– Правда ли, джаным? – прошептал Хаджи-Магомет.
– О батоно![10] – стоном вырвалось из груди моей матери, и, подавшись вперед гибким станом, она упала к ногам деда, тихо всхлипывая и лепеча одно только слово, в котором выражалась беспредельная любовь: – О батоно, батоно!
Он схватил ее, поднял и прижал к своей груди.
Я не помню, что было дальше… Я понеслась, как бешеная горная лошадка, по тенистым аллеям нашего сада, не в силах удержать порыв счастья, захватившего могучей волной мое детское сердечко…
Я носилась, задыхаясь, плача и смеясь в одно и то же время… Я была счастлива, как никогда…
Успокоившись, я вернулась в комнату и увидела мать, сидящую у ног деда… Его рука лежала на ее чернокудрой голове, и в глазах обоих сияла радость.
Отец, вернувшийся во время моей бешеной скачки по саду, подхватил меня на руки и покрыл мое лицо десятком самых горячих и нежных поцелуев… Он был так счастлив за маму, мой гордый и чудный отец!
Это был лучший день в моей жизни. Это было первое настоящее, сознательное счастье!
Вечером у моей постельки они собрались все трое – отец, мать, дед, и я, соединив их большие руки в моих крошечных кулаках, я заснула под тихий шепот ласкового говора…
Новая, чудесная, мирная жизнь воцарилась под нашей кровлей. Дед Магомет чаще приезжал из аула, один или с Бэллой, моей молоденькой теткой – участницей моих детских игр и проказ.
Но счастье длилось недолго. Прошло несколько месяцев после того блаженного дня, как вдруг моя дорогая мама тяжко заболела и скончалась.

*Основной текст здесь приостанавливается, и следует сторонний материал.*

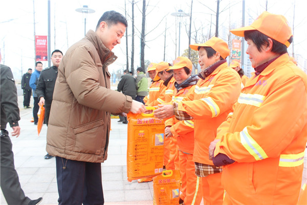 1月18日上午,園區(qū)黨工委委員、管委會副主任、規(guī)劃建設局局長許紹杰帶隊慰問了奮戰(zhàn)在一線的城市維護作業(yè)人員,向他們送上了春節(jié)的問候。

Говорят, она зачахла от тоски по родному аулу, который не могла навещать, боясь оскорблений со стороны фанатиков-татар и старого муллы.

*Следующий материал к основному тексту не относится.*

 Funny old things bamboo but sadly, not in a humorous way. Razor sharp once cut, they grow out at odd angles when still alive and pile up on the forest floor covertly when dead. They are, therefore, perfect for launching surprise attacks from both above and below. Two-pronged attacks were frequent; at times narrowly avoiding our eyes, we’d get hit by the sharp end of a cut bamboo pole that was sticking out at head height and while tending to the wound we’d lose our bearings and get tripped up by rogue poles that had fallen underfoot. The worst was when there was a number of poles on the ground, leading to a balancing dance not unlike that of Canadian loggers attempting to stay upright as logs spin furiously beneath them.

Весь Гори оплакивал маму… Полк отца, знавший ее и горячо любивший, рыдал, провожая ее худенькое тельце на грузинское кладбище поблизости Гори.
Мне не верилось до последней минуты, что она умирала…
Перед смертью она не сходила с кровли дома, откуда любовалась синеющими вдали горами и серебристо-зеленой лентой Куры…
– Там Дагестан… там аул… там мои горы… Там отец и Бэлла… – шептала она между приступами кашля, указывая вдаль крошечной, почти детской, из-за болезни, рукой.
Я помню с мучительной ясностью вечер, когда она умирала…
Тахту, на которой она лежала, подняли на кровлю, чтобы она могла полюбоваться горами и небом…
Гори засыпал, обвеянный крылом благоуханной восточной ночи… Спали розы, спали соловьи в рощах, спали руины таинственной крепости, спала Кура в своих берегах, и только, одна смерть бодрствовала, поджидая жертву.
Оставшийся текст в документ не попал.